There was a better alternative. But he says people did not start discussing that until 12/13 March. Until then, people thought the alternative approach (lockdown) was possible.
And even after that there were people on Sage who thought the lockdown policy was a mistake. The scientists were still arguing about that at the meeting on 18 March.
Cummings says he does not think of himself as a whistle-blower.
He thinks “it’s a disaster that I acted too late”.
But he was frightened of acting, he says. He says he was asking himself if he hit the panic button, and persuaded the PM to change, whether he would be responsible for thousands of deaths.
11:54
Q: Are you here to settle scores?
Cummings says he was invited to give evidence. He says the relatives of people who died deserve the truth.
Q: Why did you go into No 10? Was it for your agenda or the PM?
Cummings says there would have been a crisis if Brexit had not been implemented from the second half of 2019. He says reasonable people can take different views on Brexit, but there was a crisis in 2019. He says “God only knows” what would have happened if Covid had struck then (when parliament was deadlocked).
11:50
Cummings says, if you had dropped Bill Gates or some of the most competent people in the world, into No 10 in early March they would have found it a complete nightmare.
He says there is no doubt that Boris Johnson made “some very bad judgments and got some very serious things wrong”.
But he also says Johnson was “extremely badly let down by the whole system”. He says he played a role in that.
11:47
Aaron Bell (Con) is asking the questions now.
Q: If you knew there was no plan, what were you doing in the first two weeks of March when you could have been drawing one up?

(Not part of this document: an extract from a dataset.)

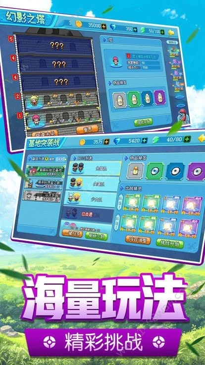 游戏提供了丰富多样的玩法模式,操作简单易上手,玩家可以任意使用精灵的技能,轻松获得游戏胜利。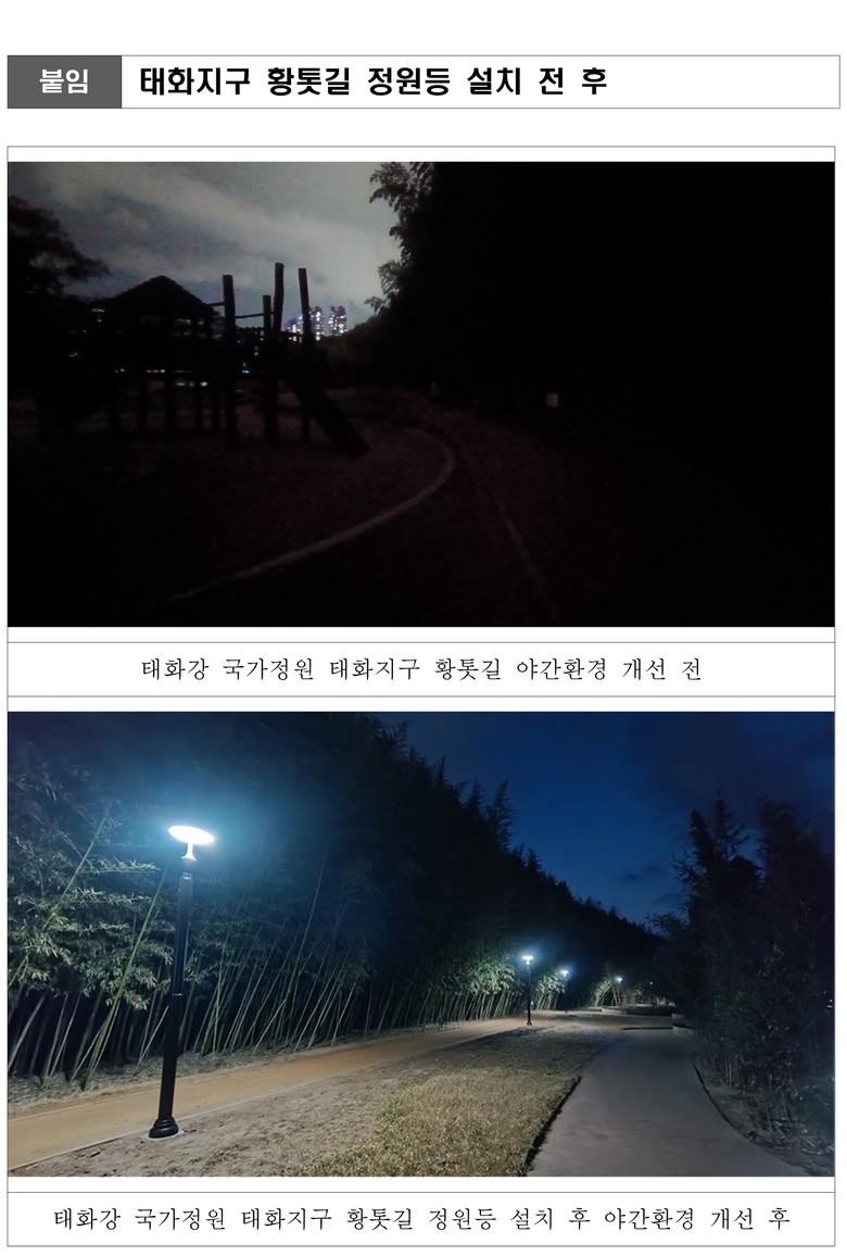 울산시 관계자는 “이번 정원등 설치로 이용객들의 안전과 범죄예방은 물론 이용객들이 더욱 증가할 것으로 기대된다”라며 “앞으로도 꾸준한 시설 개선을 통해 아늑하고 편안한 정원환경을 조성할 예정”이라고 밝혔다.

Cummings says, from about 25 February, he was having meeting after meeting, trying to find out what was going on.
He says the meeting with Helen MacNamara was focused on the NHS. (See 10.32am.) At that point there was not even a plan to bury all the bodies.
11:43
Asked about the No 10 data system, Cummings says originally he was just using the white board featured in his tweet this morning. Simon Stevens from the NHS came in with figures for people in intensive care. Cummings says he would write them on the white board, and then get his iPhone out to work out the doubling time.
11:35
Cummings says the civil contingencies secretariat in the Cabinet Office “completely collapsed” under the pressure of what was happening. They did not have the people, they did not have the skills and they did not have the data, he says.
He says the whole way the Cabinet Office handles national security issues needs to be changed.
He also says the Cobra system does not work. He says people cannot take phones or laptops into the meetings. That is to stop people like the Russians spying. But it did not work for Covid, he says, because people with laptops with the relevant data were not allowed in.
The last Cobra meeting he attended was a Potemkin meeting. He says the devolved authorities were there. But people know that, as soon as it was over, Nicola Sturgeon was just going to go out and announce what she wanted to do anyway.
11:32
Cummings says that one problem with Whitehall is that ministers cannot fire officials.
He says it would be better to have some sort of “dictator” in charge. If he had been prime minister, he would have put Mark Warner (his data scientist colleague) in charge of everything, giving him “kingly authority” over Whitehall.
11:28
The Telegraph’s Gordon Rayner points out that it is going to be a long day.
11:27
Cummings says he thinks there needs to be a thorough review of risk register planning. As an example, he cites the plans for a terrorist anthrax attack. He says he is concerned the plans are not as robust as they should be.